ACTIVITY ::
Repeat the entries that appear below, exactly as they are given.

Recorded data:

*** Begin section ***

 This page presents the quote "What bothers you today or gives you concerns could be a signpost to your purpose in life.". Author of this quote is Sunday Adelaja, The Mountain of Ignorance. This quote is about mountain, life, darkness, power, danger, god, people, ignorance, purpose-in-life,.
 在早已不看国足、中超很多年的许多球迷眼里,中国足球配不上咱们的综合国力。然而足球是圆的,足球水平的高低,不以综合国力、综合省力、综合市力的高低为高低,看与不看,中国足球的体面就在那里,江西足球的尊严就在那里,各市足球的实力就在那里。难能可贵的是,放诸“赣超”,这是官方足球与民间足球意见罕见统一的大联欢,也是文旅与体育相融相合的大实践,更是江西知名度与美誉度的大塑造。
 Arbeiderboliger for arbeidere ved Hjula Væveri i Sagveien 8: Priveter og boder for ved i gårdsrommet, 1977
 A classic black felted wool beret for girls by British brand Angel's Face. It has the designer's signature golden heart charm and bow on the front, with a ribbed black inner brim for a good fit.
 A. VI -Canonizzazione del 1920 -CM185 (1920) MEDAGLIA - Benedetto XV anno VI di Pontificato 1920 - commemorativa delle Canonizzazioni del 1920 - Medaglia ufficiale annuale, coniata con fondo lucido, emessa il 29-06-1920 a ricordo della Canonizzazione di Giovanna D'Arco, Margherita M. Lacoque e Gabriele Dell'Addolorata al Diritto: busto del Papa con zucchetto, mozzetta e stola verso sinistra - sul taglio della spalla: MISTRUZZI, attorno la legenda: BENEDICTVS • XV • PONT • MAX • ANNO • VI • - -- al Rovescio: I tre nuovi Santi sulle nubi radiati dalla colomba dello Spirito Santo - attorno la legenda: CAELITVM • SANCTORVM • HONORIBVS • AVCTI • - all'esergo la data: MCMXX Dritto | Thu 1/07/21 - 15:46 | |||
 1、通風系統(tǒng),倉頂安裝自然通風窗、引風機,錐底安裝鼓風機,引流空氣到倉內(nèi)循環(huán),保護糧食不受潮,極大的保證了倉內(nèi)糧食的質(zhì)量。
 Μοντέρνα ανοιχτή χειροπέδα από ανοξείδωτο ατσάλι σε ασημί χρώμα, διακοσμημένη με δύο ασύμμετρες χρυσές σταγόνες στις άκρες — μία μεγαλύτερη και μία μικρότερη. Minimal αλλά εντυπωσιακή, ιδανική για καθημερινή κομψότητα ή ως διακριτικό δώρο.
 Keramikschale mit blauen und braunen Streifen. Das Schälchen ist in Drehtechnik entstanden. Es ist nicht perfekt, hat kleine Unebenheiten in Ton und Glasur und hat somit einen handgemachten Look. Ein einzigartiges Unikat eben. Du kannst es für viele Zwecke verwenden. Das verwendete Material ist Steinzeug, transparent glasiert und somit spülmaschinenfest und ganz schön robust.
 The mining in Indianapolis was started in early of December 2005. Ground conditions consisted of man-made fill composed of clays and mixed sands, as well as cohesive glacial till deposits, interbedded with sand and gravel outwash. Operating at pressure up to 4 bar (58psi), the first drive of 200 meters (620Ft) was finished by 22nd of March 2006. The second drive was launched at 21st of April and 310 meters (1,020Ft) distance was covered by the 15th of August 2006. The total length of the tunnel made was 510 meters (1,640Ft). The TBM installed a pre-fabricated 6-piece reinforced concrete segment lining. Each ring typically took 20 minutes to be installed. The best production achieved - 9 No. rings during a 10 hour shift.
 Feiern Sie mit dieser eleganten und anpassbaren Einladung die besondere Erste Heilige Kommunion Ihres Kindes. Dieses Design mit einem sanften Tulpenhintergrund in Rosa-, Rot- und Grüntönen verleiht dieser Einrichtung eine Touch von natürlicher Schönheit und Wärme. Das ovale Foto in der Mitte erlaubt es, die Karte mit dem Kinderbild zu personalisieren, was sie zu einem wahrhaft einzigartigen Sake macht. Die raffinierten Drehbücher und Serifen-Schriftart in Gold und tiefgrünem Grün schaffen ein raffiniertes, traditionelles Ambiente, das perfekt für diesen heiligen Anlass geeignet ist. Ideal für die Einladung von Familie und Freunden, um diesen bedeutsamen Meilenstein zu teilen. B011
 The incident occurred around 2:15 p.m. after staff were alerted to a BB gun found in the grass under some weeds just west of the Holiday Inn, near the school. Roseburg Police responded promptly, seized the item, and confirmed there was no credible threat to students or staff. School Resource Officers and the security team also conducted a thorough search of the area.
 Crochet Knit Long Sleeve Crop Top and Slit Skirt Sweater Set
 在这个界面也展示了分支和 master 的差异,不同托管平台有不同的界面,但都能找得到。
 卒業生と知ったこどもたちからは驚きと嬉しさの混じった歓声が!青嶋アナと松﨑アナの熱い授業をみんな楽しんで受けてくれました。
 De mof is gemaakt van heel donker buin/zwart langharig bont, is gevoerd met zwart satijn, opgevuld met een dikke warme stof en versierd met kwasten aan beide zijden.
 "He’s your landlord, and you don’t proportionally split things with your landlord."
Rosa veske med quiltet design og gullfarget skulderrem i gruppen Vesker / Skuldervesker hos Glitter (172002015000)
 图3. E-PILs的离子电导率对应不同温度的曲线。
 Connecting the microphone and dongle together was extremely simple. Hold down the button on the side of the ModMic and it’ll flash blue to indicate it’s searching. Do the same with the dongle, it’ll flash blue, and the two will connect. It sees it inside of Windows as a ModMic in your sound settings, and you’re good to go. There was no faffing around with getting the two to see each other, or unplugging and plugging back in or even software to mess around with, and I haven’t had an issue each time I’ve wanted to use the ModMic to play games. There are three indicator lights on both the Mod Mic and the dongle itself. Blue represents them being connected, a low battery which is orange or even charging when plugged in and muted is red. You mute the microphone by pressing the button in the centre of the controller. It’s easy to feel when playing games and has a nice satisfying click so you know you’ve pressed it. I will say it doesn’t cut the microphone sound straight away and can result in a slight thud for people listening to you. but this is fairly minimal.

*** End section ***

EXPECTED ANSWER ::
 This page presents the quote "What bothers you today or gives you concerns could be a signpost to your purpose in life.". Author of this quote is Sunday Adelaja, The Mountain of Ignorance. This quote is about mountain, life, darkness, power, danger, god, people, ignorance, purpose-in-life,.
 在早已不看国足、中超很多年的许多球迷眼里,中国足球配不上咱们的综合国力。然而足球是圆的,足球水平的高低,不以综合国力、综合省力、综合市力的高低为高低,看与不看,中国足球的体面就在那里,江西足球的尊严就在那里,各市足球的实力就在那里。难能可贵的是,放诸“赣超”,这是官方足球与民间足球意见罕见统一的大联欢,也是文旅与体育相融相合的大实践,更是江西知名度与美誉度的大塑造。
 Arbeiderboliger for arbeidere ved Hjula Væveri i Sagveien 8: Priveter og boder for ved i gårdsrommet, 1977
 A classic black felted wool beret for girls by British brand Angel's Face. It has the designer's signature golden heart charm and bow on the front, with a ribbed black inner brim for a good fit.
 A. VI -Canonizzazione del 1920 -CM185 (1920) MEDAGLIA - Benedetto XV anno VI di Pontificato 1920 - commemorativa delle Canonizzazioni del 1920 - Medaglia ufficiale annuale, coniata con fondo lucido, emessa il 29-06-1920 a ricordo della Canonizzazione di Giovanna D'Arco, Margherita M. Lacoque e Gabriele Dell'Addolorata al Diritto: busto del Papa con zucchetto, mozzetta e stola verso sinistra - sul taglio della spalla: MISTRUZZI, attorno la legenda: BENEDICTVS • XV • PONT • MAX • ANNO • VI • - -- al Rovescio: I tre nuovi Santi sulle nubi radiati dalla colomba dello Spirito Santo - attorno la legenda: CAELITVM • SANCTORVM • HONORIBVS • AVCTI • - all'esergo la data: MCMXX Dritto | Thu 1/07/21 - 15:46 | |||
 1、通風系統(tǒng),倉頂安裝自然通風窗、引風機,錐底安裝鼓風機,引流空氣到倉內(nèi)循環(huán),保護糧食不受潮,極大的保證了倉內(nèi)糧食的質(zhì)量。
 Μοντέρνα ανοιχτή χειροπέδα από ανοξείδωτο ατσάλι σε ασημί χρώμα, διακοσμημένη με δύο ασύμμετρες χρυσές σταγόνες στις άκρες — μία μεγαλύτερη και μία μικρότερη. Minimal αλλά εντυπωσιακή, ιδανική για καθημερινή κομψότητα ή ως διακριτικό δώρο.
 Keramikschale mit blauen und braunen Streifen. Das Schälchen ist in Drehtechnik entstanden. Es ist nicht perfekt, hat kleine Unebenheiten in Ton und Glasur und hat somit einen handgemachten Look. Ein einzigartiges Unikat eben. Du kannst es für viele Zwecke verwenden. Das verwendete Material ist Steinzeug, transparent glasiert und somit spülmaschinenfest und ganz schön robust.
 The mining in Indianapolis was started in early of December 2005. Ground conditions consisted of man-made fill composed of clays and mixed sands, as well as cohesive glacial till deposits, interbedded with sand and gravel outwash. Operating at pressure up to 4 bar (58psi), the first drive of 200 meters (620Ft) was finished by 22nd of March 2006. The second drive was launched at 21st of April and 310 meters (1,020Ft) distance was covered by the 15th of August 2006. The total length of the tunnel made was 510 meters (1,640Ft). The TBM installed a pre-fabricated 6-piece reinforced concrete segment lining. Each ring typically took 20 minutes to be installed. The best production achieved - 9 No. rings during a 10 hour shift.
 Feiern Sie mit dieser eleganten und anpassbaren Einladung die besondere Erste Heilige Kommunion Ihres Kindes. Dieses Design mit einem sanften Tulpenhintergrund in Rosa-, Rot- und Grüntönen verleiht dieser Einrichtung eine Touch von natürlicher Schönheit und Wärme. Das ovale Foto in der Mitte erlaubt es, die Karte mit dem Kinderbild zu personalisieren, was sie zu einem wahrhaft einzigartigen Sake macht. Die raffinierten Drehbücher und Serifen-Schriftart in Gold und tiefgrünem Grün schaffen ein raffiniertes, traditionelles Ambiente, das perfekt für diesen heiligen Anlass geeignet ist. Ideal für die Einladung von Familie und Freunden, um diesen bedeutsamen Meilenstein zu teilen. B011
 The incident occurred around 2:15 p.m. after staff were alerted to a BB gun found in the grass under some weeds just west of the Holiday Inn, near the school. Roseburg Police responded promptly, seized the item, and confirmed there was no credible threat to students or staff. School Resource Officers and the security team also conducted a thorough search of the area.
 Crochet Knit Long Sleeve Crop Top and Slit Skirt Sweater Set
 在这个界面也展示了分支和 master 的差异,不同托管平台有不同的界面,但都能找得到。
 卒業生と知ったこどもたちからは驚きと嬉しさの混じった歓声が!青嶋アナと松﨑アナの熱い授業をみんな楽しんで受けてくれました。
 De mof is gemaakt van heel donker buin/zwart langharig bont, is gevoerd met zwart satijn, opgevuld met een dikke warme stof en versierd met kwasten aan beide zijden.
 "He’s your landlord, and you don’t proportionally split things with your landlord."
Rosa veske med quiltet design og gullfarget skulderrem i gruppen Vesker / Skuldervesker hos Glitter (172002015000)
 图3. E-PILs的离子电导率对应不同温度的曲线。
 Connecting the microphone and dongle together was extremely simple. Hold down the button on the side of the ModMic and it’ll flash blue to indicate it’s searching. Do the same with the dongle, it’ll flash blue, and the two will connect. It sees it inside of Windows as a ModMic in your sound settings, and you’re good to go. There was no faffing around with getting the two to see each other, or unplugging and plugging back in or even software to mess around with, and I haven’t had an issue each time I’ve wanted to use the ModMic to play games. There are three indicator lights on both the Mod Mic and the dongle itself. Blue represents them being connected, a low battery which is orange or even charging when plugged in and muted is red. You mute the microphone by pressing the button in the centre of the controller. It’s easy to feel when playing games and has a nice satisfying click so you know you’ve pressed it. I will say it doesn’t cut the microphone sound straight away and can result in a slight thud for people listening to you. but this is fairly minimal.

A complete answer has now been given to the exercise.